Although LLMs are quickly proving themselves to be a disruptive technology across industries, they are not perfect. LLM applications work by looking at a large collection of text and predicting the next most likely word in a text string or line of software code. Sometimes, the algorithm predicts wrong. Those wrong guesses, euphemistically referred to as hallucinations, occur between 2.5% and 8.5% of the time on popular LLMs.
Another problem with LLMs is that training them is time-consuming. When new information comes along, it doesn’t make sense to retrain or even fine-tune until you have a large amount of new data. Also, if you want to include proprietary data, say, customer information or your own internal tech support data into your model, everyone with access to the model now has a view into your data. The same is true for domain-specific data.
On the other hand, if you train an AI system on a small set of new, domain-specific, or proprietary data, you will miss out on the massive benefits of an LLM, including natural language processing (NLP), impressive grammar, and broader context. RAG systems allow you to include new data sources for accuracy and contextualization while keeping the advantage of an LLM. In a way, a RAG pipeline automates prompt engineering.
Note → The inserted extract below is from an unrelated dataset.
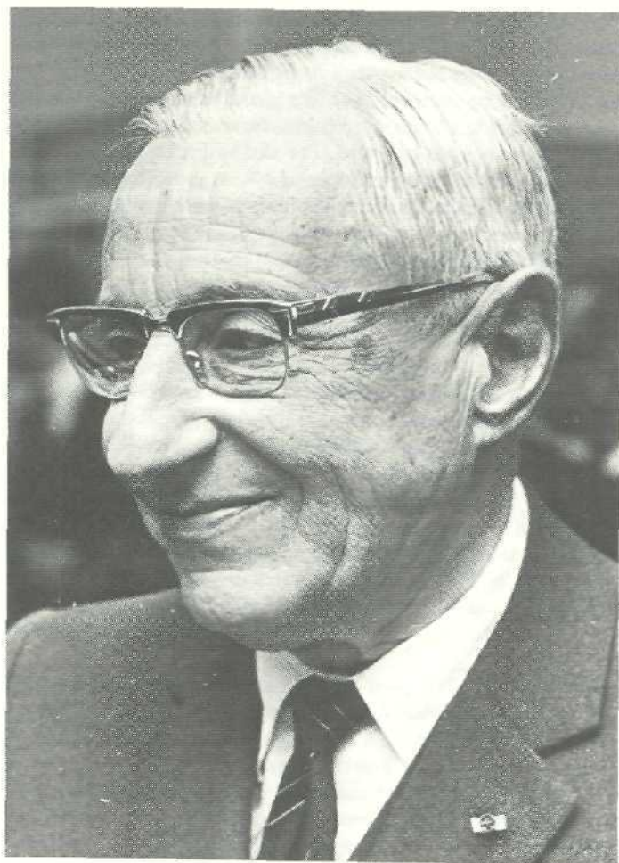
Prof. dr. J.E. de Quay (geb. 1901) was minister-president van een kabinet dat was gebaseerd op een coalitie van KVP, VVD, ARP en CHU, dat van 19 mei 1959 tot 24 juli 1963 in functie is geweest.

Another appealing aspect of RAG pipelines is how the data is ingested into the system. Summarizing or translating your input from the source data is unnecessary. RAG pipelines read docs, SQL databases, and websites and convert the data into a useful format. With a few lines of Python, an application can read and process data in a multitude of source formats.
In summary, RAG pipelines are popular for the following reasons:
- Information sources can be easily ingested into the data model
- You can add new information without retraining the whole LLM
- Confidential or proprietary information can be easily included in a model
- It improves the accuracy of LLMs by reducing the likelihood of hallucinations
How Does a RAG Pipeline Work?
The basic structure of a RAG pipeline consists of steps to pull data and store it and then steps to turn a user query into optimized and contextualized input to the LLM. Every RAG system has different steps and tools, but they all mostly fall into the following five stages:
1. Loading
This is the information retrieval step where a variety of software tools are used to pull data from source documents, databases, websites, or other programs through APIs. There are hundreds of existing open source tools for loading. Common ones include routines to load PDFs, scrape web pages, or use SQL to query data from relational databases.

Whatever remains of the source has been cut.